Global markets stuck in limbo: Why Matt Orton is preferring to stay in cash – News Air Insight

Spread the love


The brief wave of optimism that swept through global markets on Monday is fading fast — and one of Wall Street’s most closely watched strategists says investors shouldn’t mistake a ceasefire extension for a turning point.

Matt Orton, Head of Advisory Solutions and Market Strategy at Raymond James Investment, told ET Now that while negotiations between the US and Iran are showing faint signs of progress, the picture remains far too murky to justify taking on fresh risk. His message to investors: stay defensive, protect your gains, and wait for clarity.

What Monday’s rally got wrong

When the White House announced a temporary five-day pause on attacks targeting energy infrastructure, markets reacted euphorically. But that excitement has given way to a sobering reality: almost nothing concrete has followed.

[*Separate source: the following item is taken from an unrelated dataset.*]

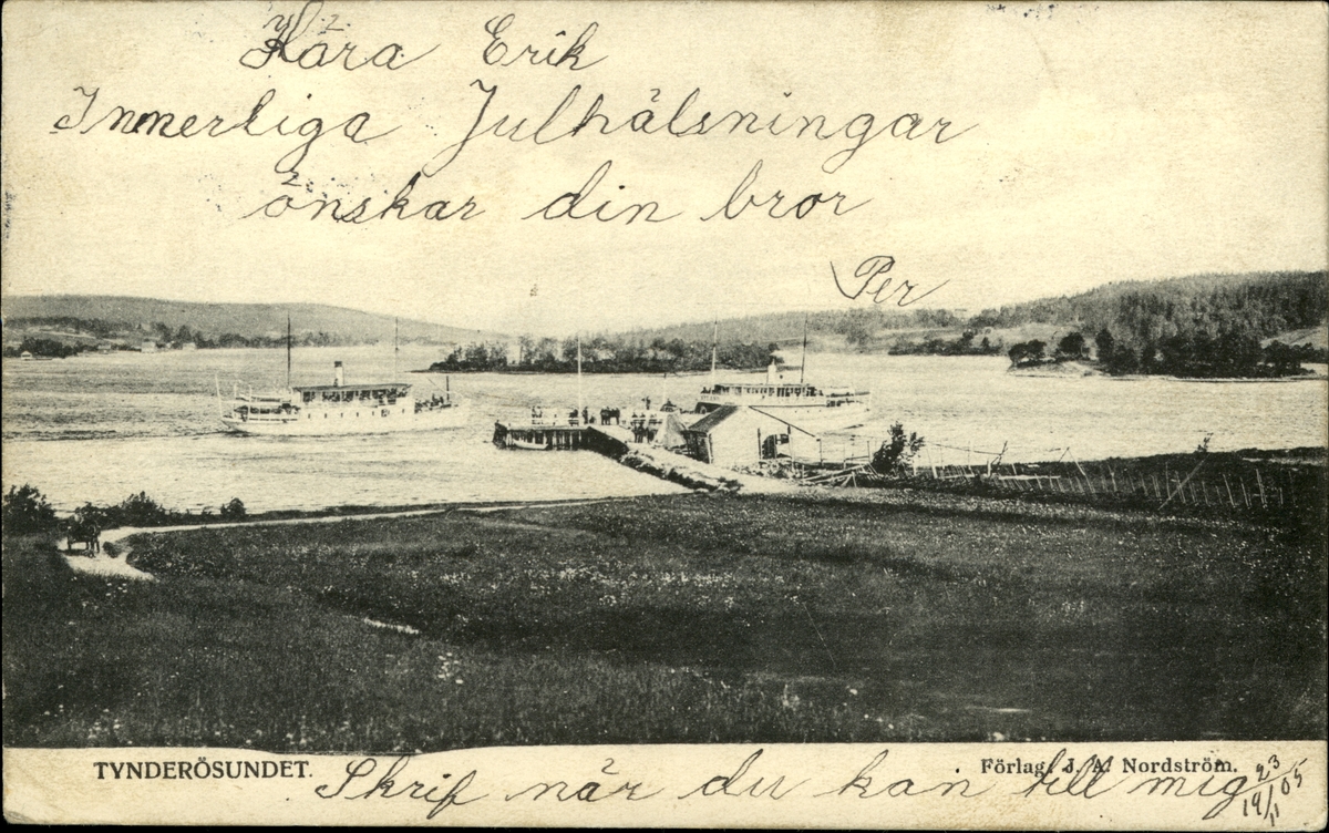 Vykort med motiv över bryggan i Tynderösundet.

“There has been a lack of clarity with respect to who the US might be speaking with,” Orton said. More critically, there has been no resolution on the reopening of the Strait of Hormuz — which he describes as “the most important part of energy markets and frankly, the key to getting global equity markets back on track.”

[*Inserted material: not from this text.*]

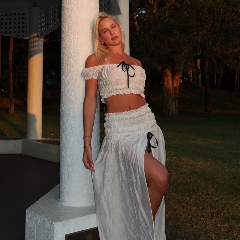 Women Clothing Summer Sexy Vacation off Neck Pleated Top Split Skirt Set
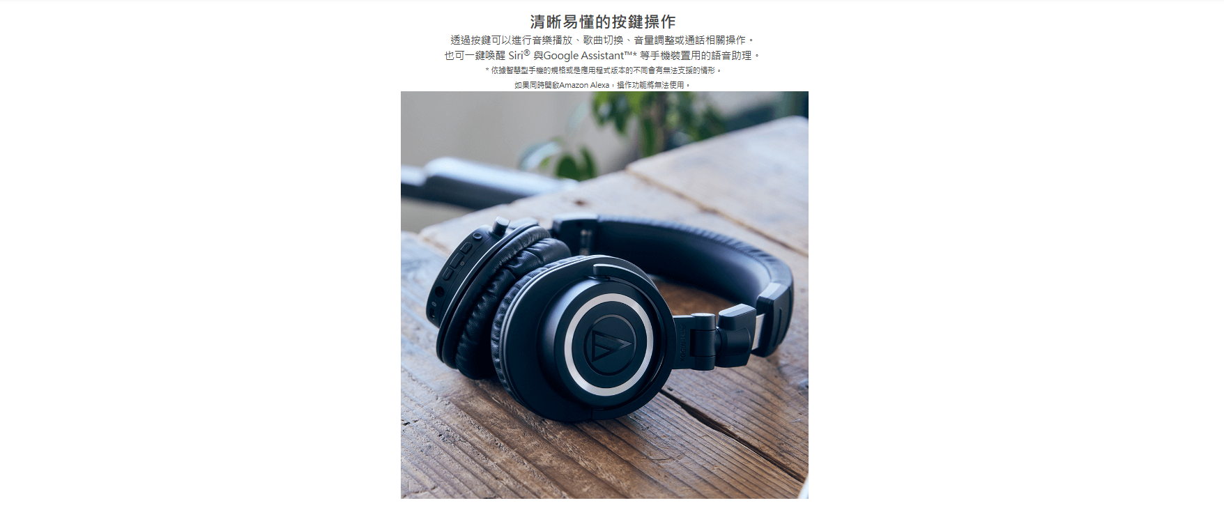 此外,ATH-M50xBT2結合波束成形的咪高峰技術,大幅度地改進了人聲收音性能,能實現更清晰的話音通話,支持與Amazon Alexa、Google Assistant

The pause has since been extended, and some ships have been permitted through the strait — potentially a signal that those in talks with Washington do have genuine access to Iranian leadership. But Iran continues to send mixed messages and publicly deny negotiations are even happening. With the strait now closed for at least 10 more days, Orton says it is “premature to get too optimistic.”

Nowhere left to hide

What makes this environment especially punishing for investors is the near-total collapse of traditional portfolio hedges.

Energy prices are rising — as you’d expect in a Middle East crisis. But long-dated bond yields are rising too, with 10-year UK gilts and German bunds sitting at their highest levels in 15 to 18 years. The US 10-year Treasury yield is hovering around 4.4% — a level that, as Orton notes, “does not reflect concerns about a growth slowdown,” which he believes is the real risk lurking beneath the surface.Gold, long the investor’s crisis refuge, has also stopped functioning as a hedge. “Frankly, gold has been very correlated to technology stocks,” Orton said. The only genuine shelter has been in energy assets — which is a deeply uncomfortable position for most diversified investors to lean into.

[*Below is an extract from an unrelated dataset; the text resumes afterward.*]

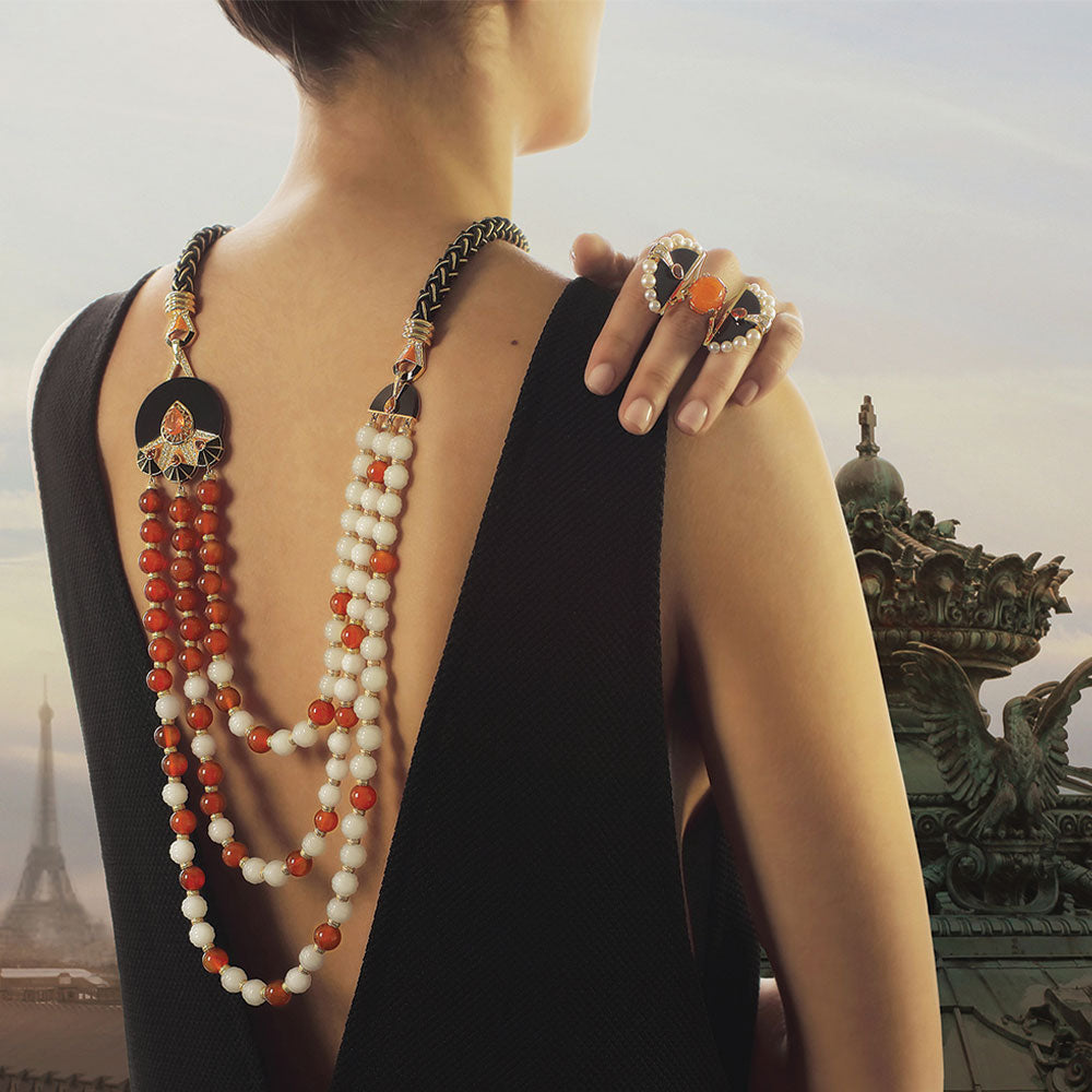 YELLOW GOLD, SAPPHIRES, DIAMONDS, FIRE OPALS, JADE, CARNELIAN, LACQUER

The result? A market environment where the rational response for many is simply to sell first and ask questions later. “Cash levels are still fairly low across many retail and institutional investors,” he noted, which is amplifying the sell-off as people scramble to build buffers.

Rate cuts are off the table: But don’t expect hikes either

A month ago, markets were pricing in more than two US interest rate cuts for 2026. That expectation has now swung so dramatically that some market pricing reflects a potential rate hike this year.
Orton thinks that’s an overreaction. “Rate hikes, at least in the case of the US, are far-far away,” he said. Significant structural changes would need to occur before the Fed moves in that direction — changes he doesn’t expect. Rate hike expectations, in his view, are overdone and could become a tradeable opportunity in fixed income once conditions stabilise.

For Europe, ECB President Lagarde has been clear that it takes a prolonged period of elevated oil prices before inflation is genuinely reignited in the broader economy. That gives the ECB room to pause without being forced to hike. The bottom line: rate cuts are delayed, not dead — but don’t hold your breath waiting for them.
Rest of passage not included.